Senior Editor

The Inertia

Hunting is a funny thing. If you hunt or know hunters, you’re aware that most of them are far more concerned with conservation than the average person. I’m not talking about trophy hunters—I’m talking about people who hunt for food. When you think about it, if you’re going to eat meat, it’s better if you kill it yourself. Our voracious appetite for 16-ounce steaks, Big Macs, and grocery stores filled with ground-up animals packaged in Styrofoam and plastic have created an industry that is not only cruel but terrible for the environment as well. “To me, there’s nothing more profane than a bunch of live animals being killed by machines,” says Mark Healey, a man who is aware of where his food comes from because he does the dirty work himself. “There’s just no respect. But if you hunt an animal, you talk about that animal. You share the story. You share the food. It’s personal. You know where it came from.”

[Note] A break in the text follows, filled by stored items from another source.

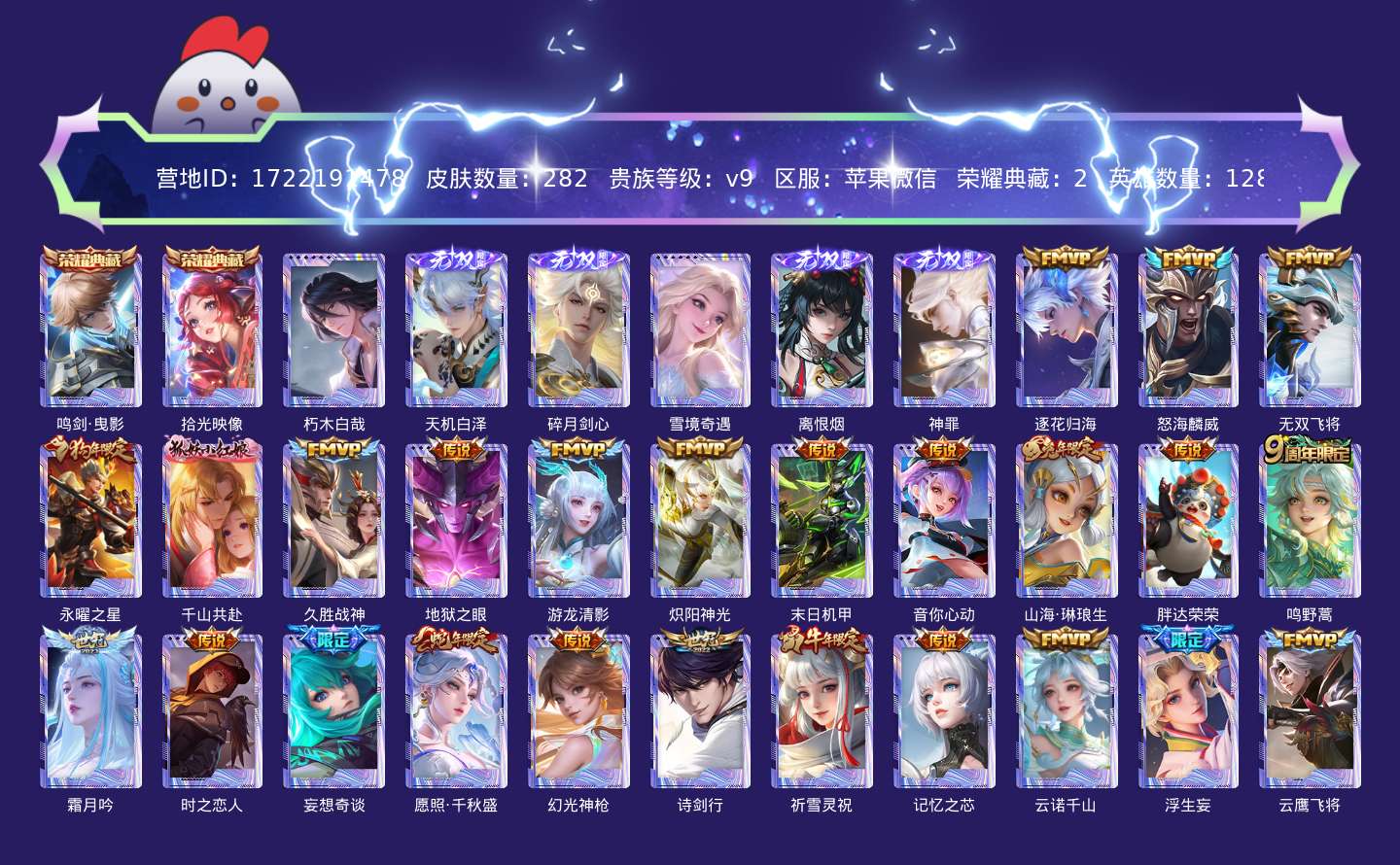 传说品质_澜_逐花归海传说品质_吕布_怒海麟威传说品质_马超_无双飞将传说品质_杨戬_永曜之星传说品质_干将莫邪_千山共赴传说品质_干将莫邪_久胜战神传说品质_宫本武藏_地狱之眼传说品质_西施_游龙清影传说品质_镜_炽阳神光传说品质_孙尚香_末日机甲传说品质_小乔_音你心动传说品质_小乔_山海·琳琅生传说品质_梦奇_胖达荣荣传说品质_桑启_鸣野蒿传说品质_露娜_霜月吟传说品质_刘备_时之恋人传说品质_上官婉儿_妄想奇谈传说品质_女娲_愿照·千秋盛传说品质_云缨_幻光神枪传说品质_李白_诗剑行传说品质_公孙离_祈雪灵祝传说品质_公孙离_记忆之芯传说品质_公孙离_云诺千山传说品质_夏洛特_浮生妄传说品质_曜_云鹰飞将传说品质_狄仁杰_超时空战士传说品质_达摩_黄金狮子座传说品质_铠_绛天战甲传说品质_虞姬_启明星使传说品质_李元芳_飞鸢探春传说品质_百里玄策_白虎志传说品质_裴擒虎_寅虎·赤拳
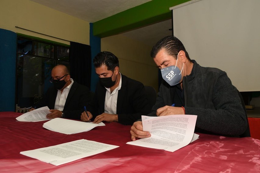 La firma de estos convenios se llevó a cabo este día en las instalaciones de la Casa de la Cultura de Doctor Mora, donde el titular de la Secretaría de Seguridad Pública del Estado, Alvar Cabeza de Vaca Appendini, el alcalde Edgar Javier Reséndiz Jacobo, así como Leonardo Alfonso Vázquez Ríos, Secretario del Ayuntamiento, signaron dichos convenios.
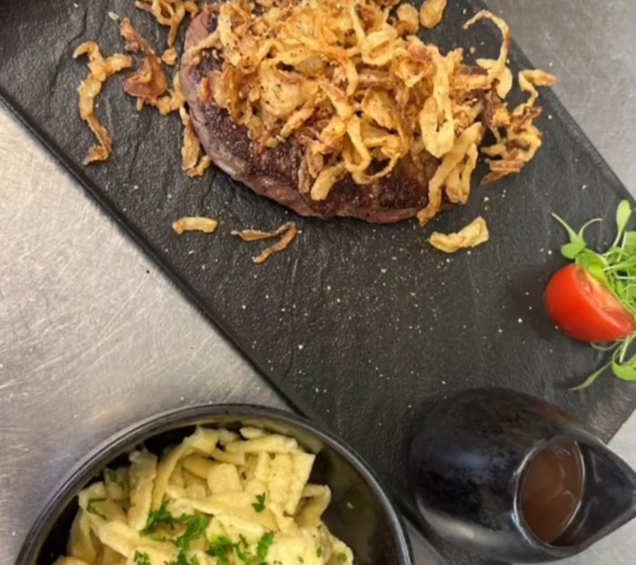 „Das Restaurant ist einfach hervorragend. Gut bürgerliche Küche auf hohem Niveau. Den Zwiebelrostbraten kann ich sehr empfehlen. Das Personal ist erste Klasse. Ein Besuch lohnt sich auf jeden Fall.”
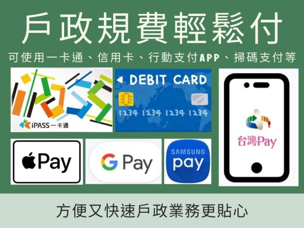 可使用一卡通、信用卡、行動支付APP繳納戶政規費
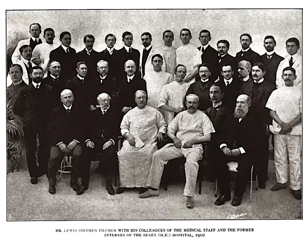 As per his obituary in the Brooklyn Daily Eagle, which confirmed his service as a hospital steward, Pilcher briefly served as a house surgeon at the Harper Hospital in Detroit before coming to New York for post-graduate studies. In addition to practicing medicine, he was a schoolteacher in rural areas of his home state. He had a five-year tour of duty as an assistant surgeon in the Navy, and in 1872, began his medical career in Brooklyn, the hometown of his wife. Dr. Pilcher was a prominent surgeon, author and teacher for 68 years. He had a dissecting room in his house that expanded in conjunction with a library and museum. In 1872, he was appointed as one of the attending physicians of the Central Brooklyn Dispensary and became a surgeon associated with the Long Island College Hospital a year later. Dr. Pilcher was a Lecturer in Anatomy at the Long Island College Hospital. From 1879-1882, he was an Adjunct Professor of Anatomy at the Long Island College Hospital and then became a Professor of Clinical Surgery at the New York Post Graduate Medical School from 1885-1895. In 1881, Pilcher was one of the incorporators of the Methodist Episcopal Hospital in Brooklyn, was a member of its board of managers from its inception and became president of its medical board from 1887 through 1907.
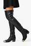 Pre-Loved Chanel™ Black Patent Leather/Nylon Lace-Up Boots Size 38

It is possible, however, to get our meat in a better way than from a slaughterhouse. Most hunters know that. One deer can feed a family for months. One fish can feed a family for a few days. And selecting which animal you’re going to eat saves millions of others from being dragged up from the bottom of the sea or living in a cage before dying from a bolt fired into the back of the head.  The only problem, however, is that doing that requires that you actually take a life. “No matter what you’re eating, it’s taking something from somewhere,” Healey says.  “Life consumes life—that’s just the way it goes. But you want to make sure the scales stay balanced.”

Of all forms of hunting, spearfishing may just be the fairest. Mostly done without tanks, spearfishing is the most selective type of hunting there is. Most spearfishermen go out with a certain fish in mind. Most are aware of the importance of careful selection. And perhaps most importantly, most are aware that the thing they’re hunting is alive—a very simple fact that is underappreciated in today’s grocery store culture. “When I go out to collect fish from the ocean, I’m going out and specifically targeting just what I need,” Healey explains. “Some people have a hard time swallowing seeing something die, but they don’t realize that any time you go to the supermarket, that thing had to die. You just didn’t have to do the dirty work, so you feel detached.”